“Now, Major!”
“Pleasant ghosts—in lace ruffles and velvet coats, smoking long pipes around a punch bowl; beautiful ghosts in patches and powder,” he made an expressive gesture; “they have mingled with the rest of you—shadow-shapes of youth and loveliness.”
“Well, if anybody can tell about it, Mother can,” said Randy, “but I don’t believe there were ever any prettier girls than are here to-night.”
“Becky looks like an angel,” Mrs. Paine stated, “but she’s pale, Randy.”
“She is tired, Mother. I think she ought to go home. I shall try to make her when I come back. She dropped her fan and I am going to get it.”
He had not told Becky where he was going. He had slipped away—his mind intent on regaining her property. But when he reached the bushes and flashed his pocket-light on the ground beneath, there was no fan. It must have fallen here. He was sure he had made no mistake.
He decided finally that someone else had found it. It seemed unlikely, however, for the spot was remote, and the thickness of the bushes offered a barrier to anyone strolling casually through the grounds.
He went slowly back to the house. Ever since that night when Becky had said she would marry him he had lived in a dream. They were pledged to each other, yet she did not love him. How could he take her? And again, how could he give her up? She had offered herself freely, and he wanted her in his future. And there was a fighting chance. He had youth and courage and a love for her he challenged any man to match. Why not? Was it beyond the bounds of reason that some day he could make Becky love him?
They had agreed that no one was to be told. “Not until I come back from Nantucket,” Becky had stipulated.
“By that time you won’t want me, my dear.”
“Well, I shan’t if you talk like that,” Becky had said with some spirit.
“Like what?”
“As if I were a queen and you were a slave. When you were a little boy you bossed me, Randy.”
There had been a gleam in his eye. “I may again.”
He wondered if, after all, that would be the way to win her. Yet he shrank from playing a game. When she came to him, if she ever came, it must be because she found something in him that was love-worthy. At least he could make himself worthy of love, whether she ever came to him or not.

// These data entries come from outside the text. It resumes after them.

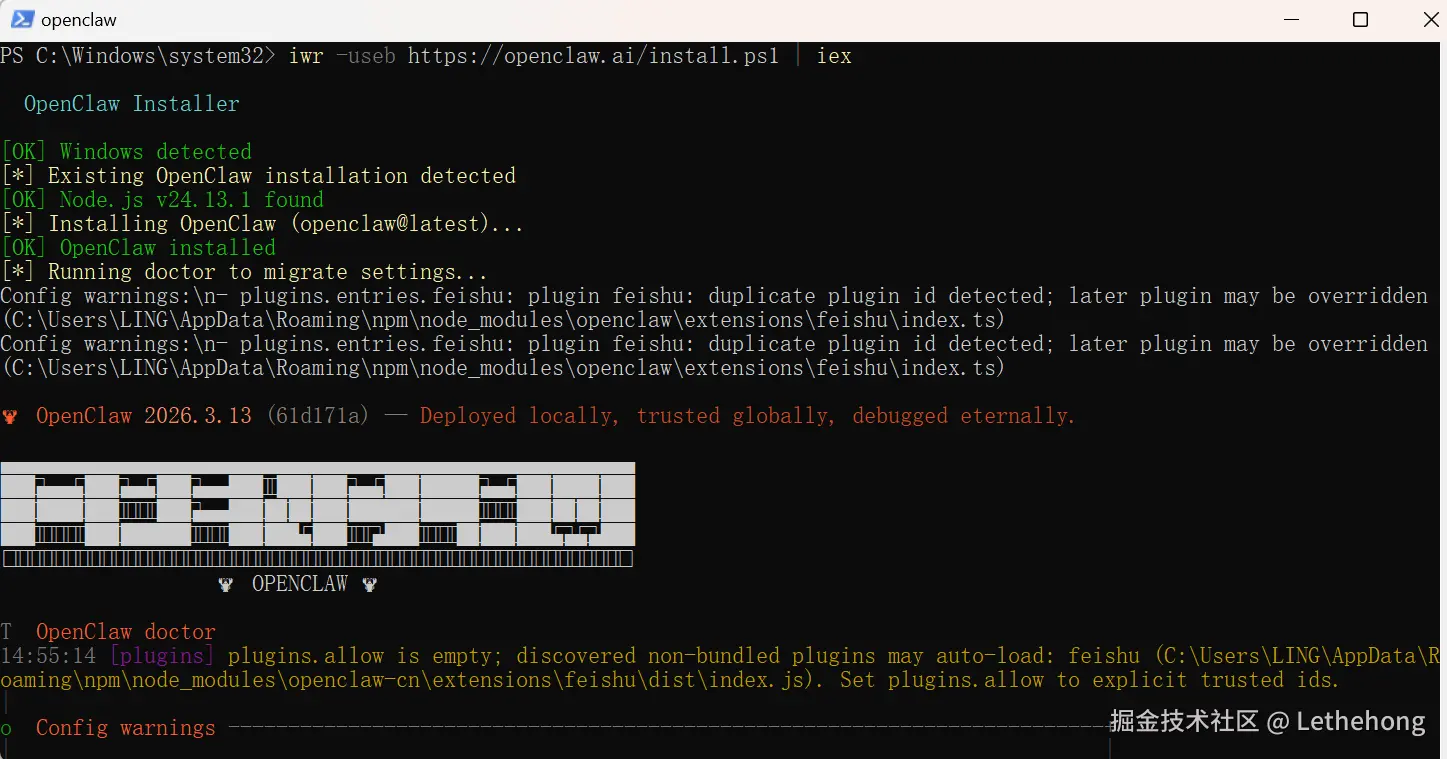 iwr (Invoke-WebRequest) 充当了"搬运工"的角色,从官方域名 openclaw.ai 拉取引导脚本;而 iex (Invoke-Expression) 则是"执行者",将脚本载入内存立即运行。这种"下载即执行"的模式,极大降低了开发者的上手门槛,同时也保证了源码的可靠性与版本的实时性。
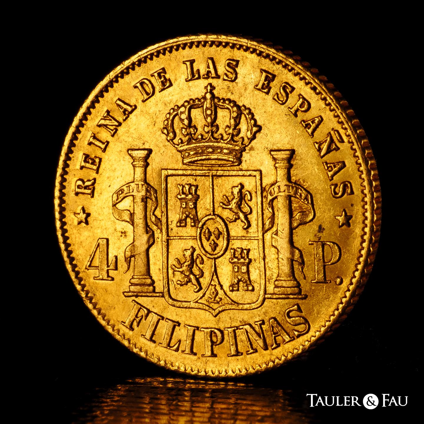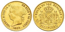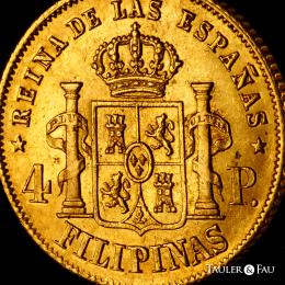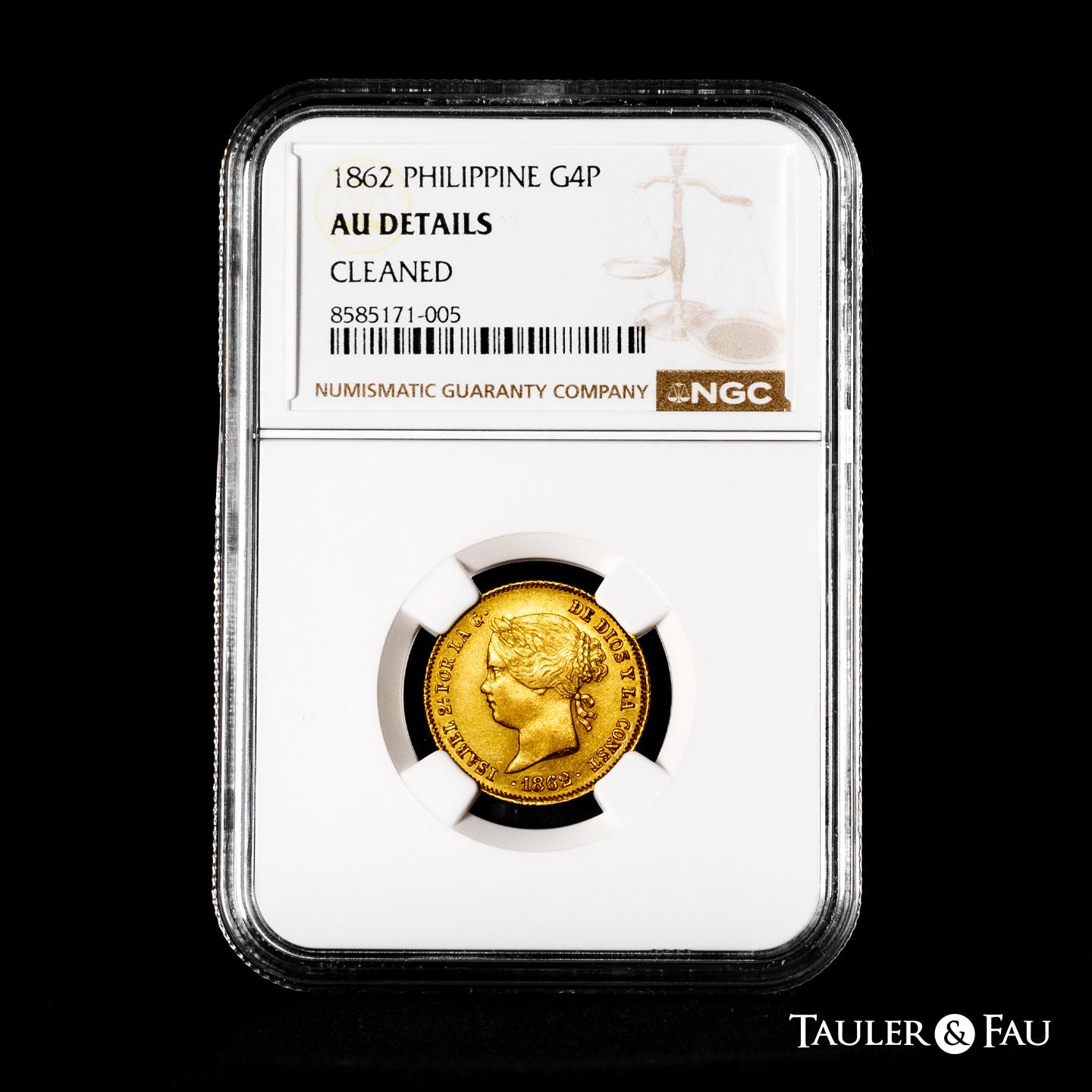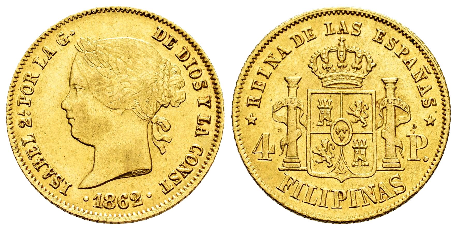 Elizabeth II (1833-1868). 4 pesos. 1862/1. Manila. (Cal-853). Au. 6,76 g. Overdate. Traces of luster. Scarce. Slabbed by NGC as AU Details. Cleaned. Est...800,00.
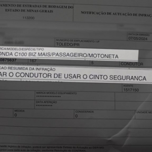 Em Toledo, a família Simonatto não teve a opção de escolher, apenas receberam correspondência surpresa do DER MG (Departamento de Estradas de Rodagem do Estado de Minas Gerais) com uma multa de R$ 195,23, por o motociclista não usar o cinto de segurança.
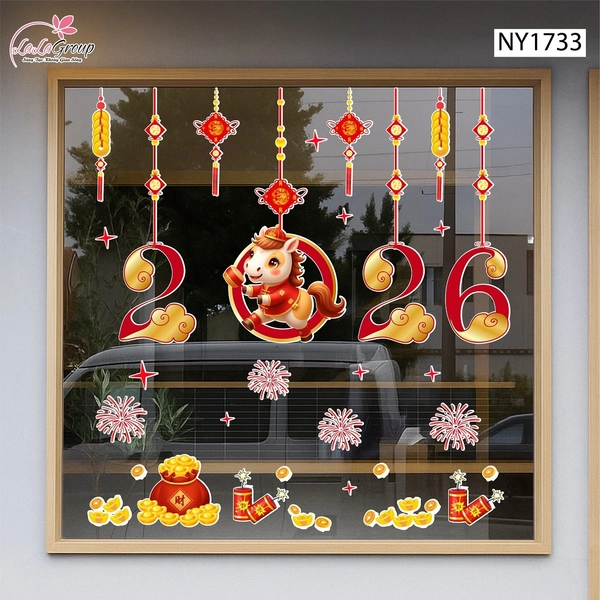 Decal Trang Trí Tết Bính Ngọ Và Pháo Hoa Đỏ 2026 là mẫu decal dán kính Tết nổi bật, mang không khí rực rỡ, may mắn, phú quý tràn đầy. Thiết kế kết hợp hình ảnh pháo hoa đỏ, hoa mai, tiền vàng, biểu trưng cho sự khởi đầu tươi mới và thịnh vượng trong năm Bính Ngọ 2026.

He stopped by the fountain; just beyond it the long windows of the Hunt Room opened out upon the lawn. The light lay in golden squares upon the grass. Randy, still in the shadow, stood for a moment looking in. There were long tables and little ones, kaleidoscopic color, movement and light, and Becky back in her corner in the midst of a gay group.
He was aware, suddenly, that he was not the only one who watched. Half hidden by the shadows of one of the great pillars of the lower porch was a man in light flannels and a gray cap.